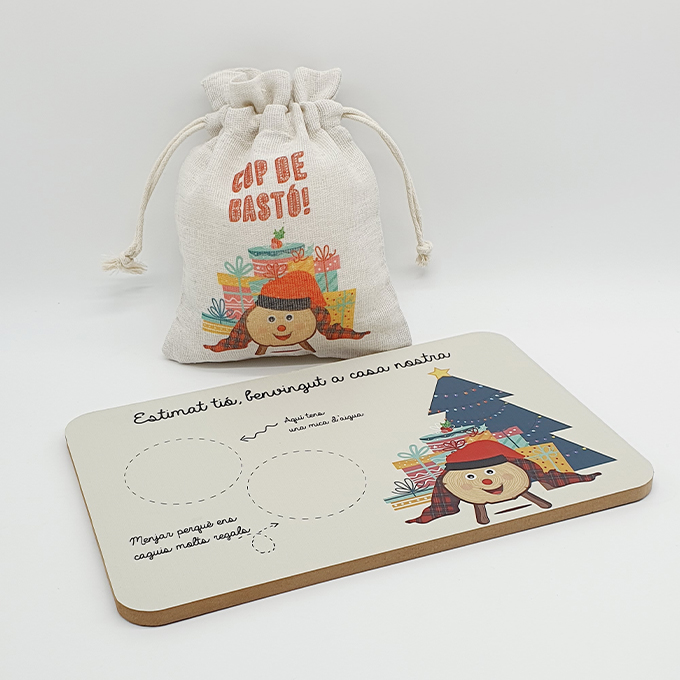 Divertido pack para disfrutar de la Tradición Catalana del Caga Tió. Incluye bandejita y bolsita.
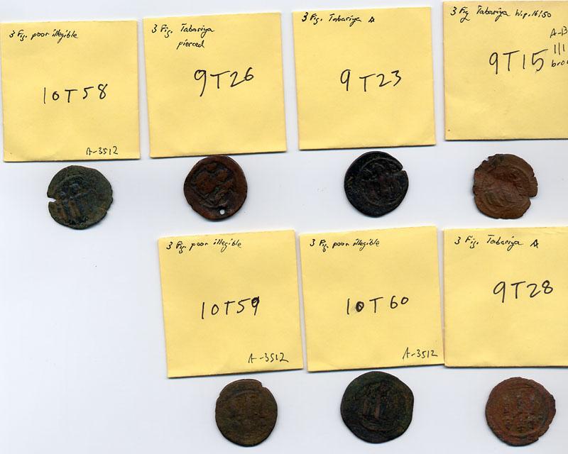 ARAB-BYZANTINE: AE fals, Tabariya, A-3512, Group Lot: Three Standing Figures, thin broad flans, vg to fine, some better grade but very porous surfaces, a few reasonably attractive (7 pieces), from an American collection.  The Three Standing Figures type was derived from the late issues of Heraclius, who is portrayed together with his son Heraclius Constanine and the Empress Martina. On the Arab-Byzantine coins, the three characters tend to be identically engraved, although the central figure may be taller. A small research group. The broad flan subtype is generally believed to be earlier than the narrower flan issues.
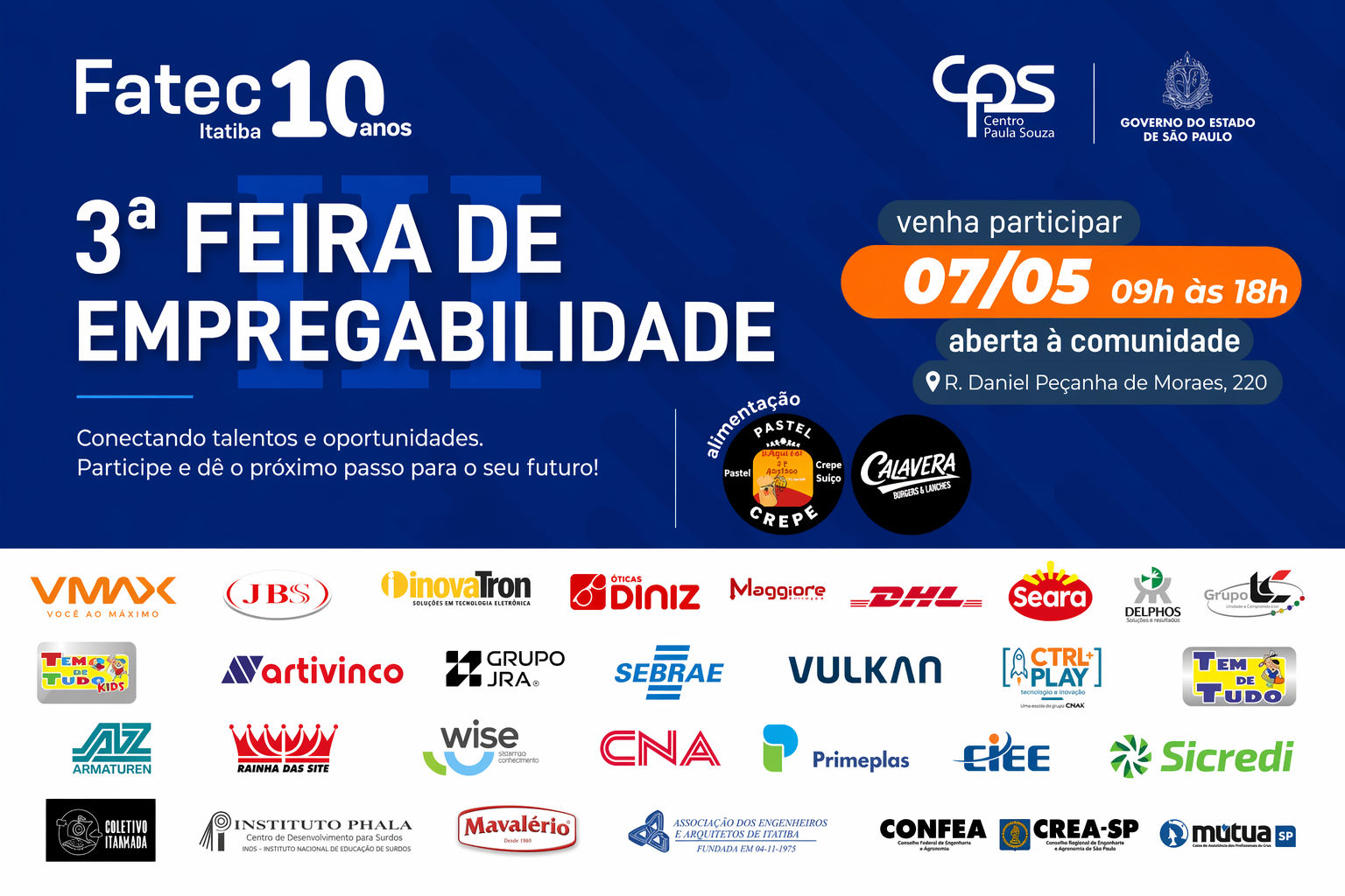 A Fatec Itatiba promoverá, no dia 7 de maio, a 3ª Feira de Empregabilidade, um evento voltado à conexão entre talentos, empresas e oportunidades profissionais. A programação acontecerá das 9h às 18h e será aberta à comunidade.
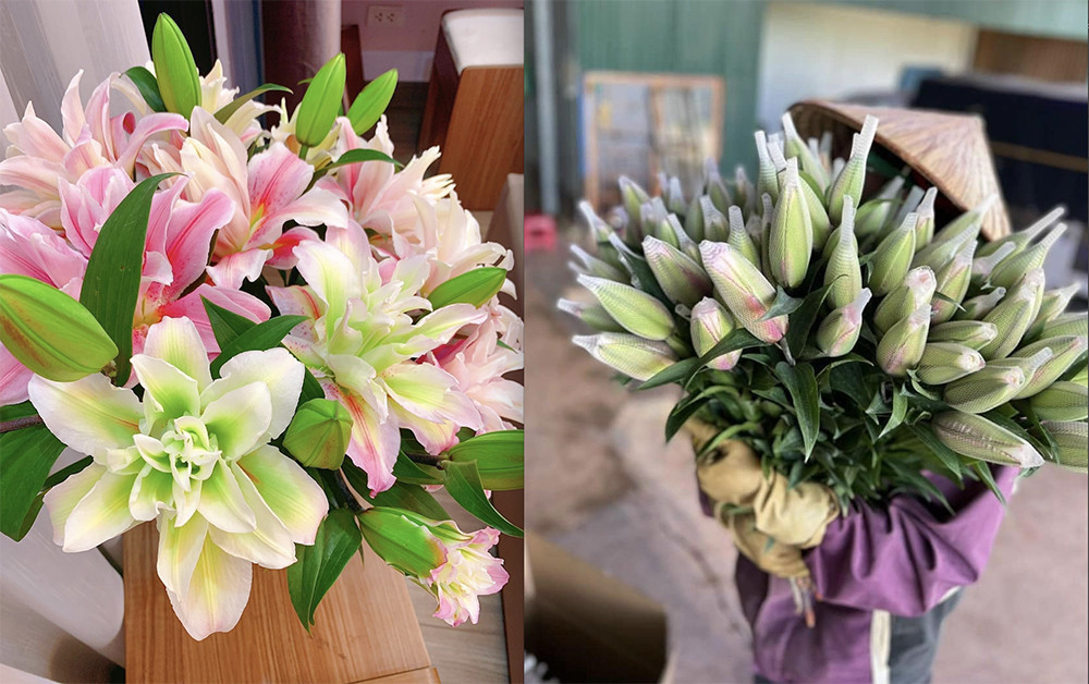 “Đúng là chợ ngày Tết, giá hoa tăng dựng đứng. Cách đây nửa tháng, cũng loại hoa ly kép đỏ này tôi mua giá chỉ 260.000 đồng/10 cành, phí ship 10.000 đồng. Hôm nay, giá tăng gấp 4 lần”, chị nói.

==

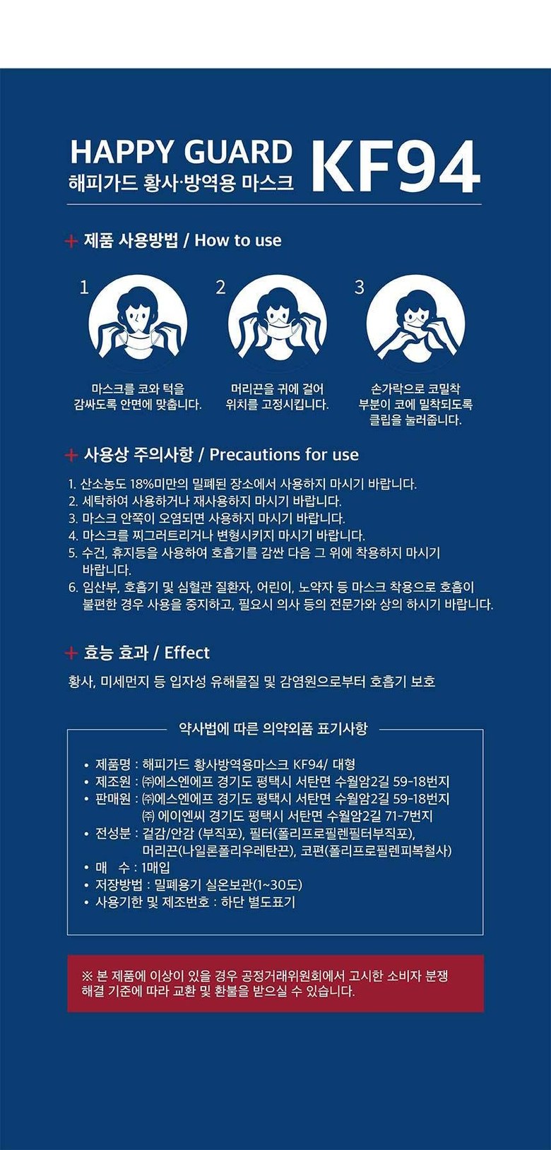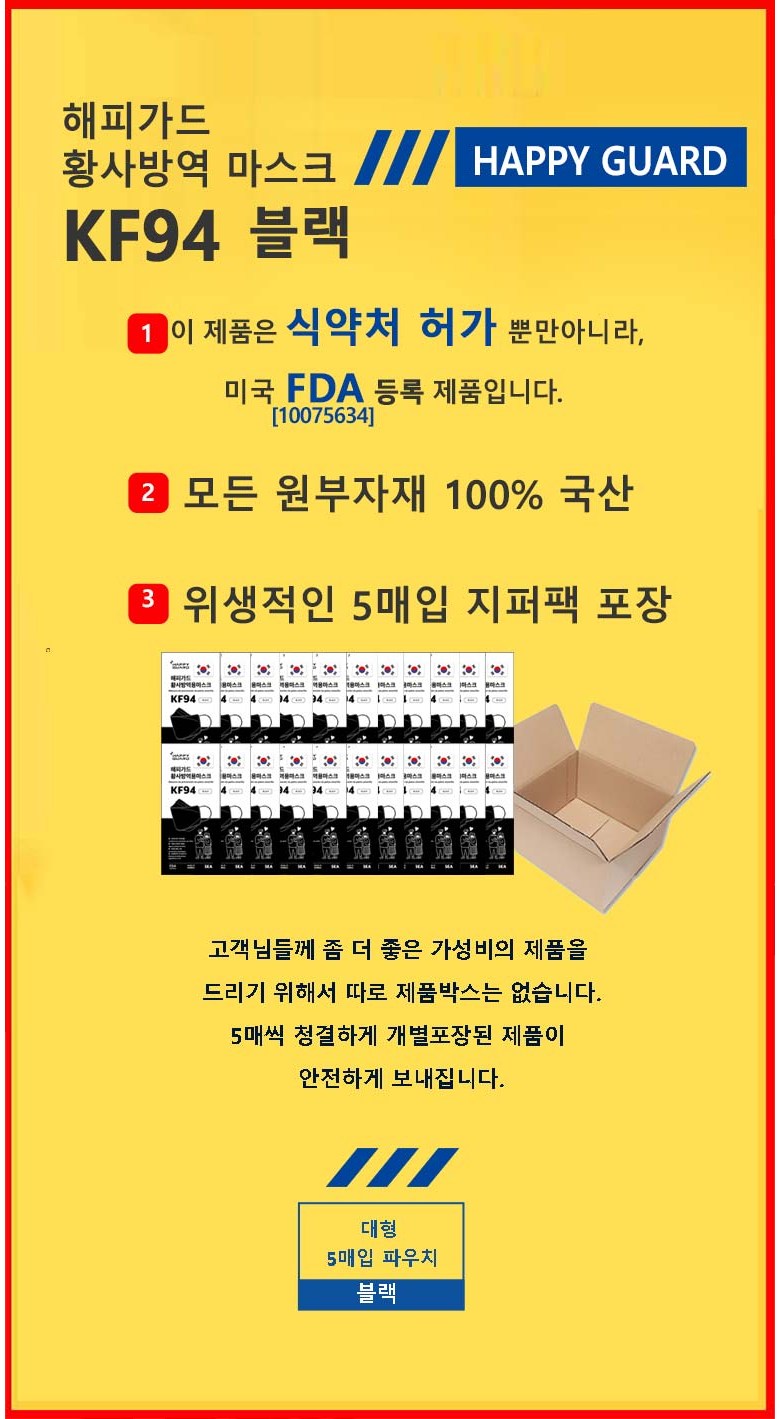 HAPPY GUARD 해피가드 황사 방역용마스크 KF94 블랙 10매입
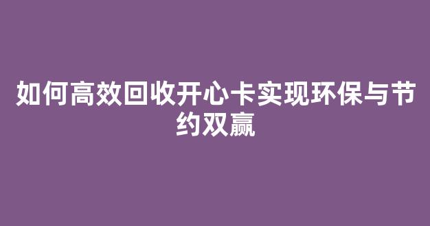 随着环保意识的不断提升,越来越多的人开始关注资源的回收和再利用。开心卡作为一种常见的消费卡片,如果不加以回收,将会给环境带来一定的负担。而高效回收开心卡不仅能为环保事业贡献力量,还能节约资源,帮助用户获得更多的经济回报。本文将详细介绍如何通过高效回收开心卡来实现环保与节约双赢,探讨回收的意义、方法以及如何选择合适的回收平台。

**EXERCISE INSTRUCTIONS**
Output exactly the lines above that lie between the line with "A Fatec Itatiba" and the line with "là chợ ngày", those two lines included, and no pictures.

**ANSWER SPACE**
 A Fatec Itatiba promoverá, no dia 7 de maio, a 3ª Feira de Empregabilidade, um evento voltado à conexão entre talentos, empresas e oportunidades profissionais. A programação acontecerá das 9h às 18h e será aberta à comunidade.
 “Đúng là chợ ngày Tết, giá hoa tăng dựng đứng. Cách đây nửa tháng, cũng loại hoa ly kép đỏ này tôi mua giá chỉ 260.000 đồng/10 cành, phí ship 10.000 đồng. Hôm nay, giá tăng gấp 4 lần”, chị nói.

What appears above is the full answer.